### INSTRUCTIONS FOR THE TASK
Once the line with "بحث وزير الاتصالات" is found in the data, output it and each following line exactly, up to and including the line with "Hra Free Kick", and nothing before or after.

### RAW DATA

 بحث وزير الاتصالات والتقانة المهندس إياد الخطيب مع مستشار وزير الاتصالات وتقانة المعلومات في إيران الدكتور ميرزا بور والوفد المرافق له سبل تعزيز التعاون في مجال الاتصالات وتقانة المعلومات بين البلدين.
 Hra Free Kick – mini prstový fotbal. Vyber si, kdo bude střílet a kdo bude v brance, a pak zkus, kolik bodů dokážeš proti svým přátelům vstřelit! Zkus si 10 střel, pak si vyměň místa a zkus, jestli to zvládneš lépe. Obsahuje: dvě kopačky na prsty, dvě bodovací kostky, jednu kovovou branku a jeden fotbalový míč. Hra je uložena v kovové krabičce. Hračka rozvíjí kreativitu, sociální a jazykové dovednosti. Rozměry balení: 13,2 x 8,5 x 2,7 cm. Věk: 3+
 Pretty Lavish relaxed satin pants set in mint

--

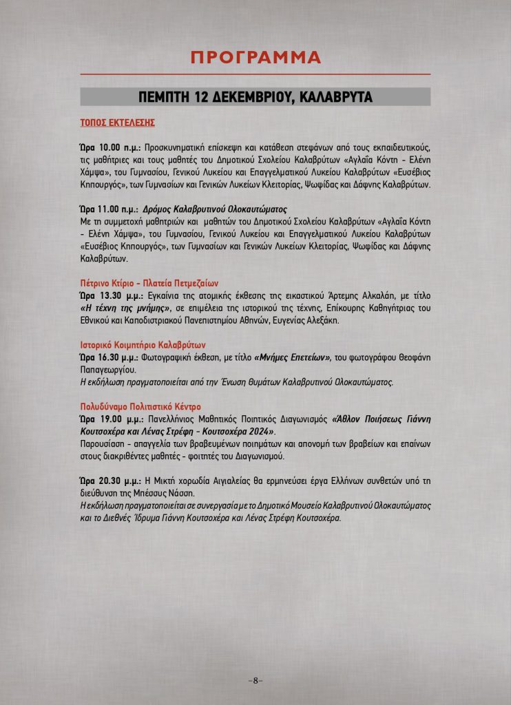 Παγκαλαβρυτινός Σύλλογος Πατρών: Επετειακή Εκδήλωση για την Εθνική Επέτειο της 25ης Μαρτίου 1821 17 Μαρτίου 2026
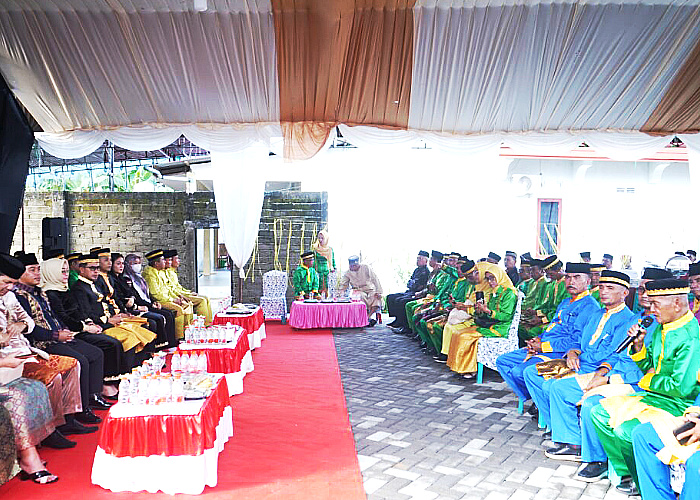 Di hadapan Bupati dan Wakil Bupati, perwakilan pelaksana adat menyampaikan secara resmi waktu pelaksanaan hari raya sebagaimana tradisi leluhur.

### OUTPUT
 بحث وزير الاتصالات والتقانة المهندس إياد الخطيب مع مستشار وزير الاتصالات وتقانة المعلومات في إيران الدكتور ميرزا بور والوفد المرافق له سبل تعزيز التعاون في مجال الاتصالات وتقانة المعلومات بين البلدين.
 Hra Free Kick – mini prstový fotbal. Vyber si, kdo bude střílet a kdo bude v brance, a pak zkus, kolik bodů dokážeš proti svým přátelům vstřelit! Zkus si 10 střel, pak si vyměň místa a zkus, jestli to zvládneš lépe. Obsahuje: dvě kopačky na prsty, dvě bodovací kostky, jednu kovovou branku a jeden fotbalový míč. Hra je uložena v kovové krabičce. Hračka rozvíjí kreativitu, sociální a jazykové dovednosti. Rozměry balení: 13,2 x 8,5 x 2,7 cm. Věk: 3+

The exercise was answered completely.